LETTERS: Fentanyl talk misdirects

Editor:

Re: Managing a health crisis, Jan. 4 letters; Drug reactions part of problem, Jan. 6 letters.

Editor:

Re: Managing a health crisis, Jan. 4 letters.

The CEO of Fraser Health’s letter on the overdose crisis notes a proposal to open “two sites for supervised consumption services” in Surrey.

Describing a taxpayer-funded place for addicts to safely take drugs as a supervised consumption service is simply normalizing and legitimizing addiction to the public and we need to be very aware when these sorts of words are chosen to frame the discussion around addition.

The choice of words may be very deliberate by Fraser Health, possibly even suggested to it by media strategists. But given the human tragedy and cost to our communities, it’s a huge mistake to begin describing the problem this way.

Words matter. It’s a well-understood communication strategy that changing the words to describe, and using them often, will manipulate a conversation and, ultimately, thinking on an issue.

Do we really want to move our society and thinking from ‘addiction is an illness to be treated’ to ‘addiction is OK and we will make sure that drugs are consumed safely?’

I think not, and shame on Fraser Health for using words that put us on that path.

A. Hills, Surrey

• • •

Re: Drug reactions part of problem, Jan. 6 letters.

Why is it that everyone with ill-informed opinions feel the need to express them loudly?

One might be entitled to opinions but one is not entitled to disguise them as a set of facts.

The simple fact, supported by an overwhelming amount of scientific evidence, is that drug addiction is a biologically based disease of the brain. Drug addiction is not a moral weakness, is not caused by God, is not a problem of the soul, nor are drug addicts trying to fix a hole in their hearts.

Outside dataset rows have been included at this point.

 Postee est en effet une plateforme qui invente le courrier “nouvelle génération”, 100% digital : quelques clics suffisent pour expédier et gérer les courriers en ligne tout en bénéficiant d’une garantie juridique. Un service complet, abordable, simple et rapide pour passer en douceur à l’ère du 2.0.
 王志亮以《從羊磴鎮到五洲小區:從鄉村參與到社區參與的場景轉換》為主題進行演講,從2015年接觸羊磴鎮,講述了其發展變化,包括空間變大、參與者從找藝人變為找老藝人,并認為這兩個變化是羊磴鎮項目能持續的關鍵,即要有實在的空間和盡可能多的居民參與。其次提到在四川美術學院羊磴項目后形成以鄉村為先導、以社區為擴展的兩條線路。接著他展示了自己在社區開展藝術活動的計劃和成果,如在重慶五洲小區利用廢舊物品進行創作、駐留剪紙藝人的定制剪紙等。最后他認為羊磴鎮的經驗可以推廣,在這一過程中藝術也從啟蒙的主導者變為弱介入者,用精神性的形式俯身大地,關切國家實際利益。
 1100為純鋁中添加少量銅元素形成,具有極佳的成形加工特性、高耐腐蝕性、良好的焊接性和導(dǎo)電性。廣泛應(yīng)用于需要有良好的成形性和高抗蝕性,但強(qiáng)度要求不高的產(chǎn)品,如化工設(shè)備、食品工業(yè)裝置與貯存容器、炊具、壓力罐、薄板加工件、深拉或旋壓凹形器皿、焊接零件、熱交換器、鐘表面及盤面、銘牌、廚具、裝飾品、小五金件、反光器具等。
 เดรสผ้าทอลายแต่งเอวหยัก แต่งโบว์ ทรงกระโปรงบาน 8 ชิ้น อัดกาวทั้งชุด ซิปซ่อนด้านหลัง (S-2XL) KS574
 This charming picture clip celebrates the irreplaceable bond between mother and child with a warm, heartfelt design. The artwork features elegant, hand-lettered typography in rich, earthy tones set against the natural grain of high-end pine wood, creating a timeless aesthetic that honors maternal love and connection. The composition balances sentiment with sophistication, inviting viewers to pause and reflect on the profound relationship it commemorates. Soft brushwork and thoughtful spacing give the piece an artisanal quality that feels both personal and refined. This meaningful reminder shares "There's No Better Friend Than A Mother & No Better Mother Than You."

The root of the problem is that cocaine, opiates, alcohol, nicotine – please note, it doesn’t matter whether they are legal or not – affect the production, release and uptake of neurotransmitters such as dopamine in the brain by mimicking them.

These drugs induce activity in the brain reward system (BRS). The BRS, or mesocorticolimbic pathway, is necessary for survival since it motivates important activities, such as food seeking and eating, mating and parenting.

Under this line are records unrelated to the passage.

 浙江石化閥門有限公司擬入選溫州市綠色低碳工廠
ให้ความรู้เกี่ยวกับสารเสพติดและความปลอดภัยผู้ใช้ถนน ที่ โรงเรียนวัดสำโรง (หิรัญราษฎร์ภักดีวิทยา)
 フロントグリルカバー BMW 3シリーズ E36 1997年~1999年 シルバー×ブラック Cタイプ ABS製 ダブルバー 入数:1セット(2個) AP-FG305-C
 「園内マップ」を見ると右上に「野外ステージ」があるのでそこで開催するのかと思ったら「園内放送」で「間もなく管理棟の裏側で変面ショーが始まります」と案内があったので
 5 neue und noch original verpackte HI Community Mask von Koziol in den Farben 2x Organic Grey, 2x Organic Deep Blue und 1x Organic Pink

However, the above drugs saturate the BRS to the point that a person becomes conditioned to the intense level of drug-induced pleasure.

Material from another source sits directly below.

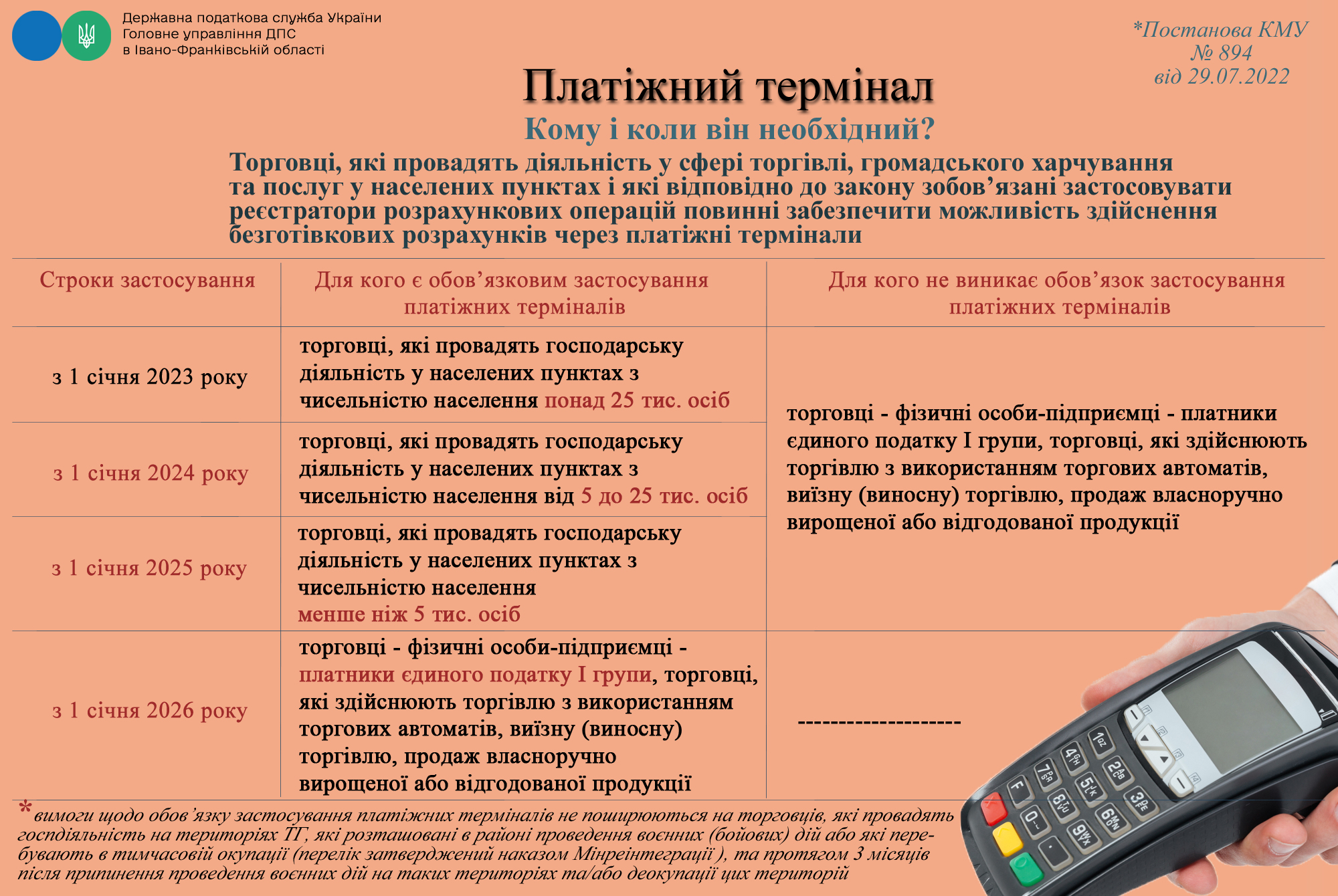 Примітка: запровадження з 1 січня 2025 року обов’язку відповідно до кількості населення не стосується торговців — ФОП-єдинників першої групи та торговців, які здійснюють торгівлю з використанням торгових автоматів, виїзну (виносну) торгівлю, продаж власноручно вирощеної або відгодованої продукції, які повинні будуть встановити POS-термінали з 1 січня 2026 року, незалежно від кількості населення.

The normal level of natural rewards are no longer experienced as very pleasurable and, after chronic use, the brain’s BRS becomes drained so that nothing is pleasurable – not even the drugs.

These drugs impair the brain’s chemical balance and therefore affect mood, thought and behaviour.

Continued drug abuse is not a voluntary behaviour. It is a preventable behaviour, it is treatable, however, it is a chronic disorder that requires multiple strategies and multiple episodes of intervention, which include safe injection sites, naloxone and far more.

The evidence-based science is available, but it’s up to society to educate themselves and demand the provincial governments develop the effective treatments to decrease the incidence rate of drug addictions.

We expect no less when it comes to treating cancer or heart disease.